> [WHAT YOU NEED TO DO]: Your copy of the data should match it exactly, except that the pictures are gone.

> [DATASET EXCERPT]:
---*---
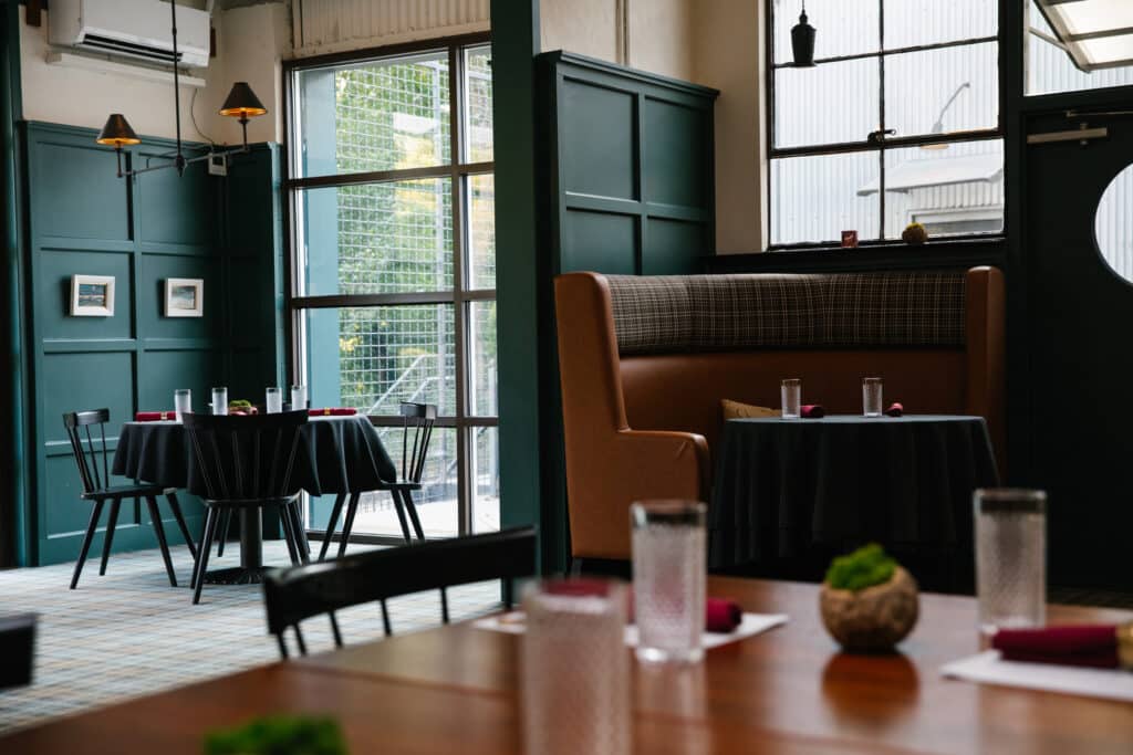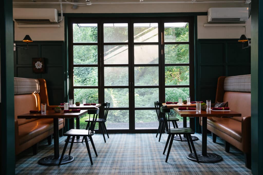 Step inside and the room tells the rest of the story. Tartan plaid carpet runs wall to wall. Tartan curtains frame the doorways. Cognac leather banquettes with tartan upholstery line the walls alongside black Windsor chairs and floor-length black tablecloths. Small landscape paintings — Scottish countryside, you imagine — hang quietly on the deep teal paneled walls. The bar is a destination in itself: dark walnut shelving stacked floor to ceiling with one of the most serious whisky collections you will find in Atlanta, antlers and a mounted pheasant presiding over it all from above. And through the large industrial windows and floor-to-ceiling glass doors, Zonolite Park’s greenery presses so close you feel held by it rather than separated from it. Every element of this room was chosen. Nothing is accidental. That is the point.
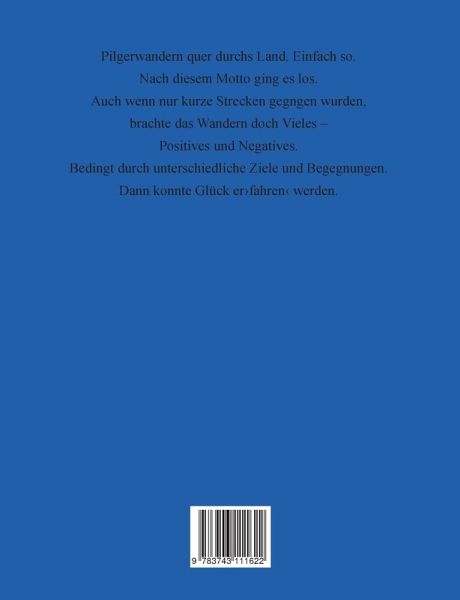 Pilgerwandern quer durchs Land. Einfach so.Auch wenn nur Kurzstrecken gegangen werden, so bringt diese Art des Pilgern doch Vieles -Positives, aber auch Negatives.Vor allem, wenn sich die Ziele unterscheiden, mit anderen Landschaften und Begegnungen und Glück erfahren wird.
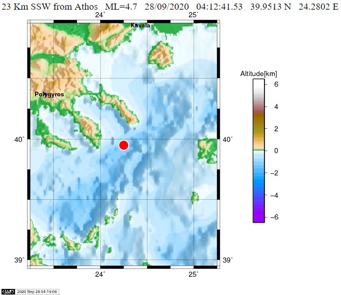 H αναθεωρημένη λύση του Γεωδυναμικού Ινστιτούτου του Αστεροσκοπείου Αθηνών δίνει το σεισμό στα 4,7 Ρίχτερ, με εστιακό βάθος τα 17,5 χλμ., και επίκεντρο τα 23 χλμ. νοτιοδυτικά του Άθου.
---*---
> [EXERCISE OUTPUT]:
 Step inside and the room tells the rest of the story. Tartan plaid carpet runs wall to wall. Tartan curtains frame the doorways. Cognac leather banquettes with tartan upholstery line the walls alongside black Windsor chairs and floor-length black tablecloths. Small landscape paintings — Scottish countryside, you imagine — hang quietly on the deep teal paneled walls. The bar is a destination in itself: dark walnut shelving stacked floor to ceiling with one of the most serious whisky collections you will find in Atlanta, antlers and a mounted pheasant presiding over it all from above. And through the large industrial windows and floor-to-ceiling glass doors, Zonolite Park’s greenery presses so close you feel held by it rather than separated from it. Every element of this room was chosen. Nothing is accidental. That is the point.
 Pilgerwandern quer durchs Land. Einfach so.Auch wenn nur Kurzstrecken gegangen werden, so bringt diese Art des Pilgern doch Vieles -Positives, aber auch Negatives.Vor allem, wenn sich die Ziele unterscheiden, mit anderen Landschaften und Begegnungen und Glück erfahren wird.
 H αναθεωρημένη λύση του Γεωδυναμικού Ινστιτούτου του Αστεροσκοπείου Αθηνών δίνει το σεισμό στα 4,7 Ρίχτερ, με εστιακό βάθος τα 17,5 χλμ., και επίκεντρο τα 23 χλμ. νοτιοδυτικά του Άθου.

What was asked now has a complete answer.